Table 1. A MEGP (Medium Energy General Purpose) collimator was used for all acquisitions.

Guidelines from MIRD pamphlet no 26 [5] and parameter values from [5] were considered during the

parameter choices. All acquisitions were performed the same evening and no decay correction was

performed due to the half-life of 177Lu.

Table 1: SPECT acquisition parameters.

Number of angles

Time per angle (s)

Main window (keV)

Scattering window (keV)

Total acquisition time (min:s)

120 30 208 ±10% - 66:10

120 30 113 & 208 ±10% - 66:10

60 60 208 ±10% - 64:12

30 120 208 ±10% - 62:44

120 15 208 ±10% - 36:10

120 10 208 ±10% - 26:10

120 30 208 ±10% 182.6 ±2.2% 234.2 ±2.1%

66:10

Image reconstruction and evaluation

The images were reconstructed with OSEM in both Xeleris (3.1108) and SARec.

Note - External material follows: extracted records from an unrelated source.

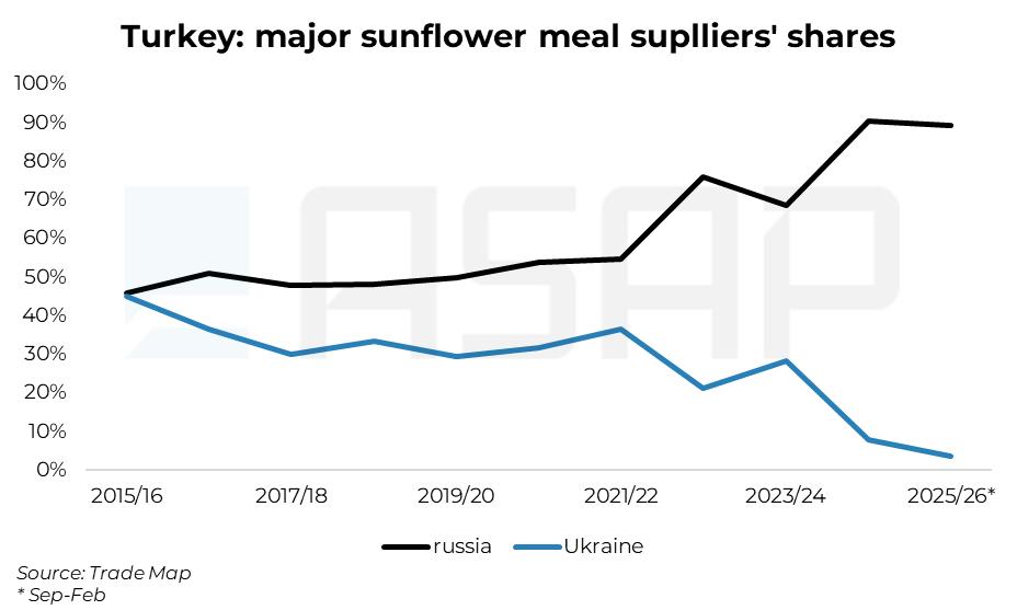 Водночас для Росії Туреччина, навпаки, стала одним із ключових ринків збуту. За даними OleoScope, за перші шість місяців 2025/26 МР (вересень–лютий) експорт соняшникового шроту з Росії склав близько 1,01 млн т, з яких 312 тис. т припали саме на Туреччину.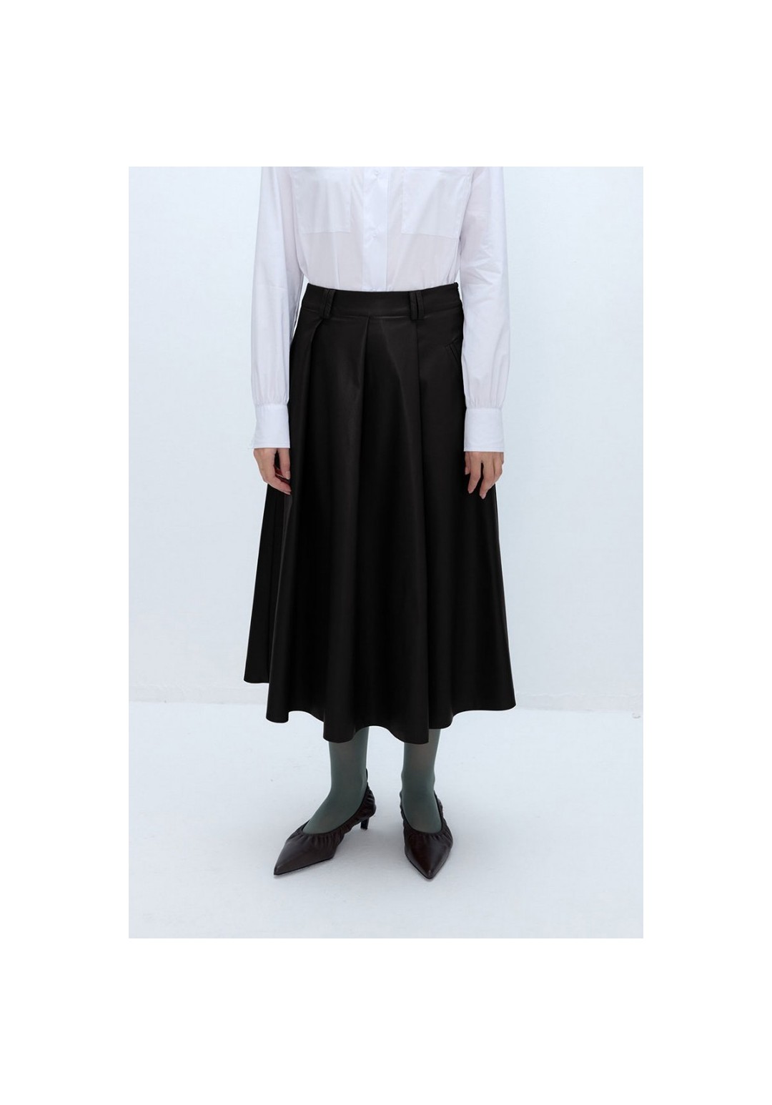 Комплект-двойка из хлопковый оверсайз рубашки и миди-юбки из экокожи. Детали: рубашка прямого силуэта, спущенная линия плеча, застежка на петли и пуговицы, длинные рукава с притачными манжетами, фигурный низ. Юбка на притачном поясе со шлевками, прорезные карманы, застежка на потайную молнию в левом боковом шве, юбка на подкладке. Длина рубашки по спинке около 78 см. Длина рукава+ плечо около 55+9= 64 см. Длина юбки по боковому шву с поясом около 80 см.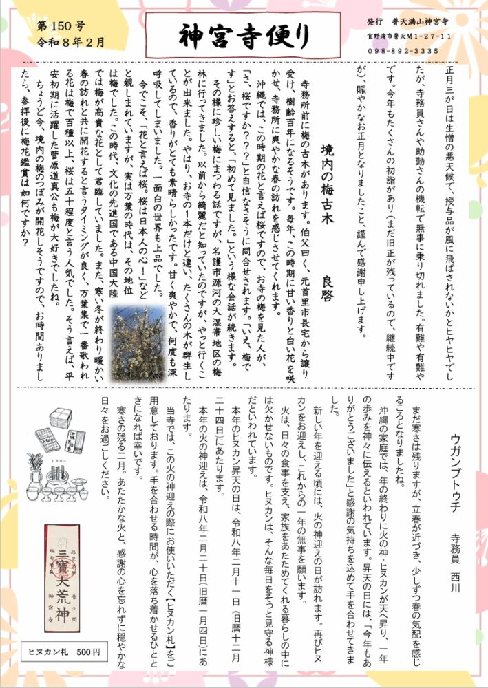 寺務所前に梅の古木があります。伯父曰く、元首里市長宅から譲り受け、樹齢百年になるそうです。毎年、この時期に甘い香りと白い花を咲かせ、寺務所に爽やかな春の訪れを感じさせてくれます。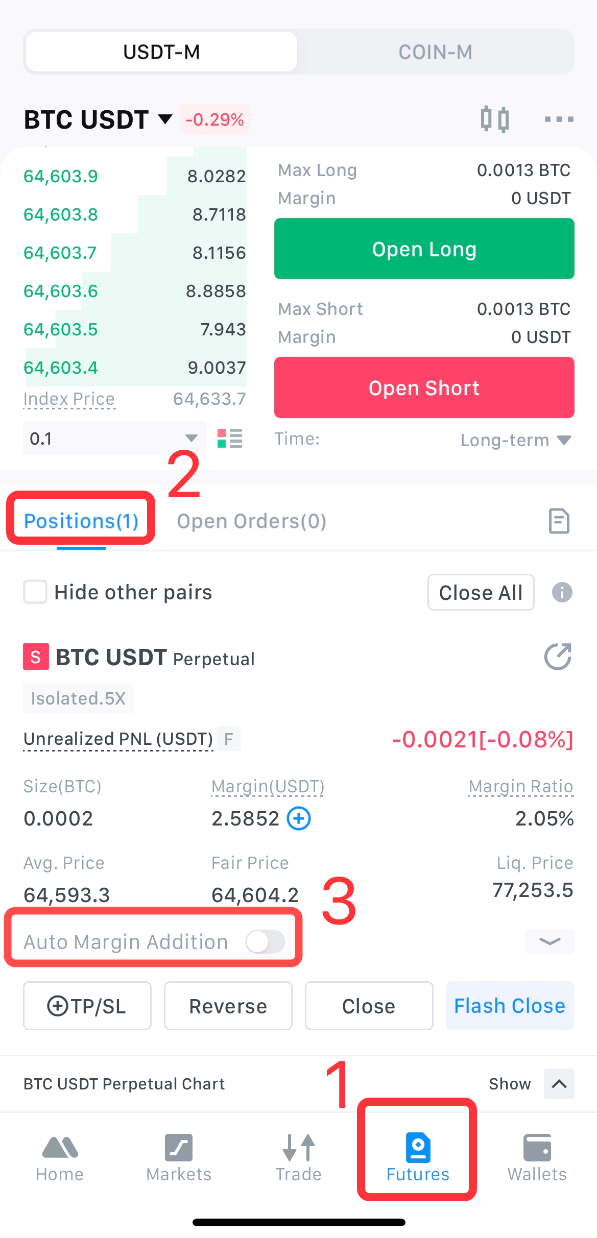 У нижній частині сторінки торгівлі ф'ючерсами, в розділі Позиції, торкніться перемикача опції Автододавання маржі, щоб увімкнути її.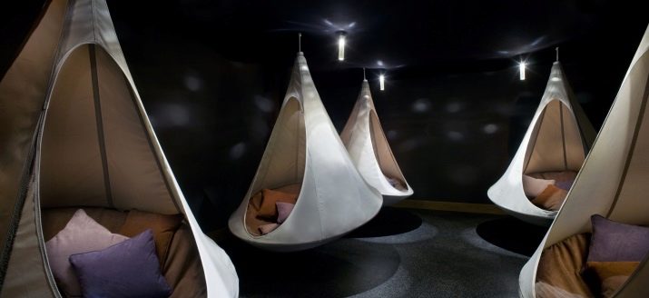 Zu den Besonderheiten solcher Modelle, die an der Decke angebracht sind, gehört die Tatsache, dass ihr Innenraum vor neugierigen Blicken verborgen ist.Dieses Urlaubsziel wird eine ausgezeichnete Wahl für diejenigen sein, die sich zurückziehen oder die Einsamkeit lieben wollen.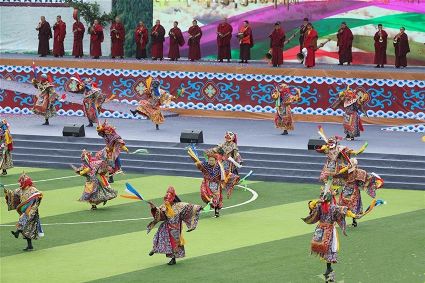 7月29日,來自四川省道孚縣各地的上萬名藏族群眾在道孚中學(xué)載歌載舞,歡慶第三屆安巴農(nóng)耕文化旅游節(jié)。安巴在藏語中是五月的意思,藏歷五月正值農(nóng)閑時(shí)期,藏族群眾都會(huì)舉行各種活動(dòng),祈禱風(fēng)調(diào)雨順,吉祥平安。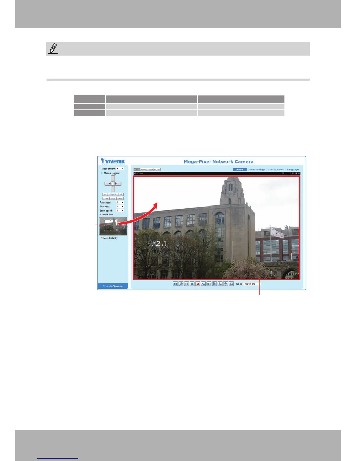 the Frame size of each video stream� Then you can go back to the home page to test the e-PTZ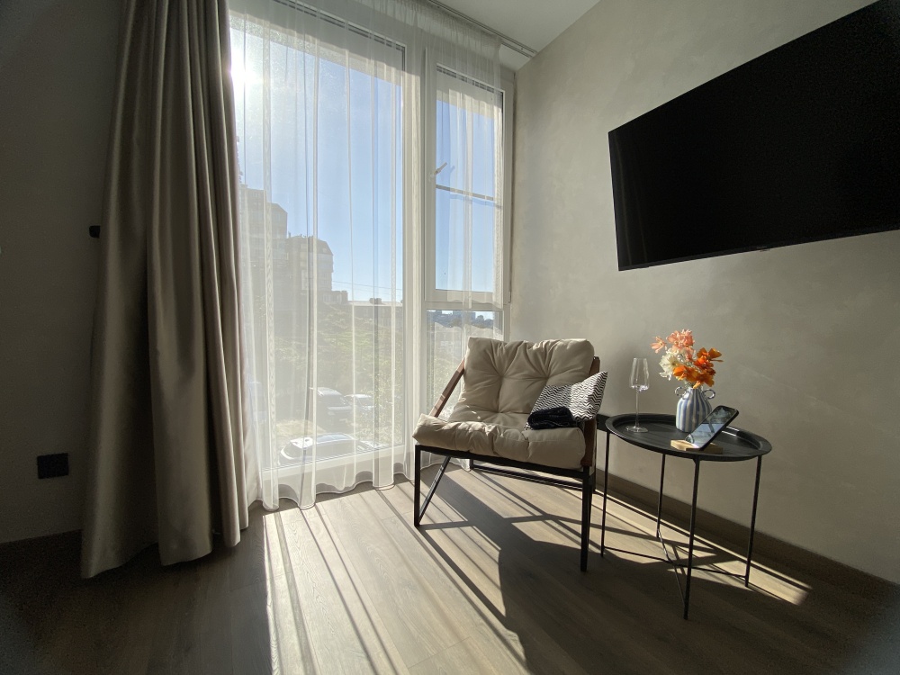 - панорамные окна и светонепроницаемые шторы Блэкаут;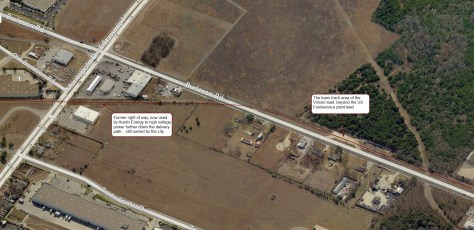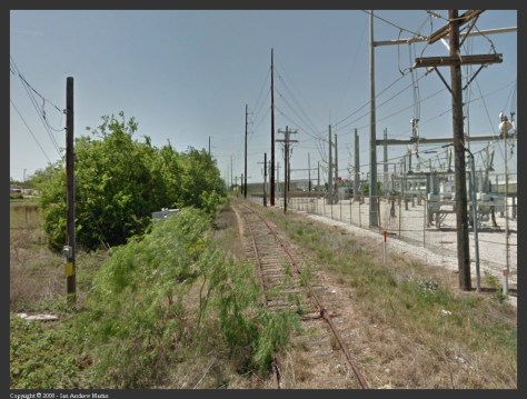 The line used to continue on to the Air Force Base (Bergstrom AFB). After the base closed the line was eventually cut back to Burleson Road. The right-of-way corridor is intact all the way through to Highway 183. Austin Energy power poles have been installed along it. Interestingly you can still see on Google Maps track in the Austin Energy yard area embedded in the concrete hardstanding.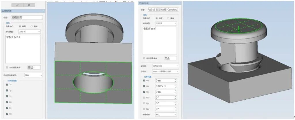 4)约束与载荷施加。将卡扣槽底面固定,在卡扣头顶面施加强制位移载荷。

The OSEM updates

were performed with 10 subsets and 4 iterations in the Xeleris reconstructions because that is the

parameters used in GE’s quantification software. For the SARec reconstructions 10 subsets and 5

iterations were used since the image convergence appears after approximately 5 iterations [14]. No

post filtration was applied for the original image quality measurements, but for a comparison of image

quality and for visualization of the results a Butterworth filter was applied. In the Xeleris images there

are an undefined smoothening of the image in the reconstruction but no additional filtration was

performed.

Intensity profiles were collected over the largest sphere (16 mL) in the Jaszczak phantom and over one

of the line sources for all reconstructions and acquisition approaches. Results are shown in the

Appendix.

Segmentation of the spheres was done with manually placed spherical volumes of interest (VOIs) with

diameters corresponding to the inner diameters of the spheres, (31, 25, 20, 16, 12 and 10 mm). 20

background VOIs with the same size as the hot spheres were positioned in the background volume.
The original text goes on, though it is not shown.